Versagen bei der Gefährderbekämpfung
Mansour kritisiert insbesondere, dass der mutmaßliche Täter, ein als Gefährder eingestufter Islamist, trotzdem frei herumlaufen konnte. „Ein Gefährder, der versucht hat, Richtung IS auszureisen, der als Gefährder eingestuft wurde und trotzdem frei gelaufen ist, ein Auto mieten konnte und sogar einen Anschlag durchführen konnte, ist natürlich ein großes Versagen.“ Der Täter hatte versucht, sich dem Islamischen Staat anzuschließen, erhielt jedoch lediglich eine Bewährungsstrafe und sollte an einem Deradikalisierungsprogramm teilnehmen.

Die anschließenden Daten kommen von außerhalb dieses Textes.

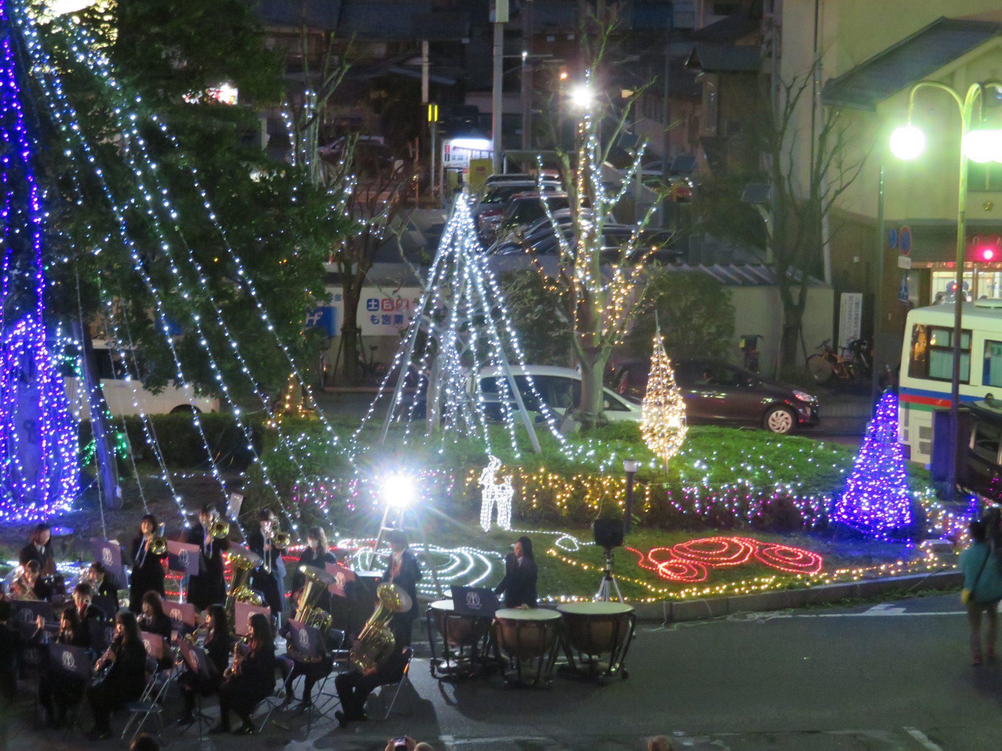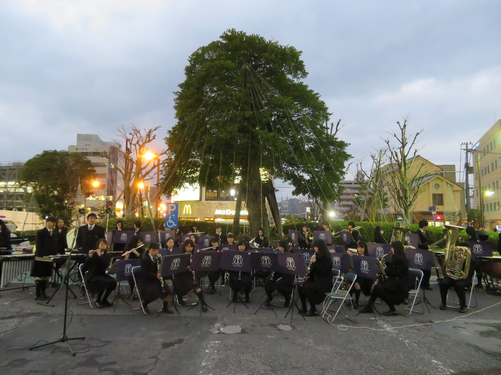 今年はヴォーリズ学園インターアクトクラブの企画・立案のもとに設営。12月1日午後5時より点灯式。近江兄弟社学園吹奏楽部にも花を添えて頂きました。

Mansours eigene Radikalisierungserfahrung
Im Podcast schildert Mansour, wie er als Jugendlicher selbst zum Islamisten wurde. In der Schule gemobbt, fand er Halt bei einem Imam. „Der Imam sagte im zweiten Unterricht schon: Ihr werdet die Welt beherrschen.“ Heute erkenne er dieselben Muster bei vielen jungen Muslimen in Deutschland. „Ganz viele, die Richtung Radikalisierung gehen, haben erst einmal eine persönliche Krise. Sie suchen nach Identität, nach Zugehörigkeit. Leider muss ich heute sagen: Die Islamisten sind die besseren Sozialarbeiter.“
Netzwerke und soziale Medien
Mansour warnt vor einem Netzwerk verschiedener islamistischer Akteure, die junge Menschen gezielt in den sozialen Medien radikalisieren und in Parallelgesellschaften ziehen. „Von da ist der Weg zu einem radikalen Weltbild sehr kurz.“ Auch die Reaktionen in arabischsprachigen sozialen Netzwerken bereiten ihm Sorgen: Tausende Nutzer hätten den Anschlag gefeiert. Für ihn sei das „nicht überraschend und auch nicht neu“.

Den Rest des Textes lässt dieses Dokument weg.